§ **Exercise objective**: Without copying any pictures, restate exactly the lines from the start of the records through the line containing "Trois compas ouverts".

§ **Material provided**:

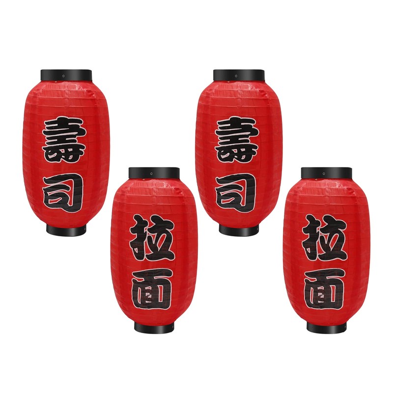 Anxingo 14 Inch Asian Lantern Lamps, Japanese Style Hanging Decor Silk Lantern, Traditional Hanging Lamp Bar Waterproof Festival for Indoor Outdoor Home Yard, Set of 4
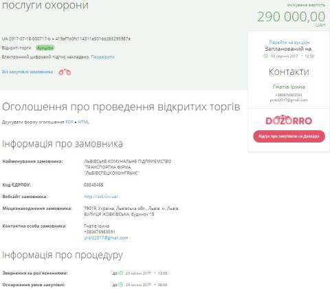 Інформацію про відкриті торги на послуги охорони оприлюднено на сайті публічних закупівель "Prozorro".
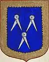 Trois compas ouverts d'argent surmonté d'une couronne, placés deux un sur fond d'azur. |
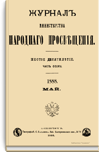 Журнал Министерства народного просвещения выходил с 1834-го по 1917 год. Официальный периодический журнал об успехах просвещения в России. Издатели журнала уверены в том, что «если для каждого человека необходим выход из грубой тьмы невежества и беспрерывное дальнейшее движение к свету, то для народов необходимо попечительное участие правительства в образовании. Только правительство имеет все средства знать и высоту успехов всемирного образования, и настоящие нужды Отечества».
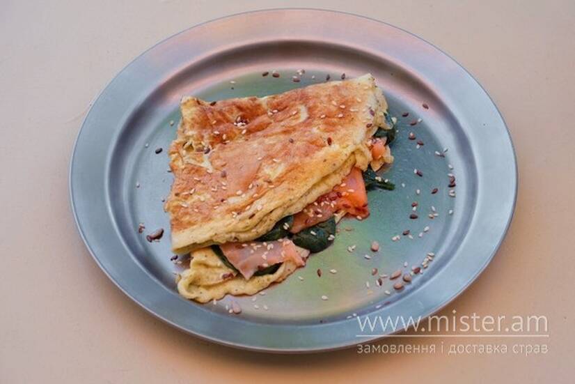 Ніжний омлет із соковитим слабосоленим лососем - ідеальне поєднання ніжності й смаку.

§ **Result**:
 Anxingo 14 Inch Asian Lantern Lamps, Japanese Style Hanging Decor Silk Lantern, Traditional Hanging Lamp Bar Waterproof Festival for Indoor Outdoor Home Yard, Set of 4
 Інформацію про відкриті торги на послуги охорони оприлюднено на сайті публічних закупівель "Prozorro".
 Trois compas ouverts d'argent surmonté d'une couronne, placés deux un sur fond d'azur. |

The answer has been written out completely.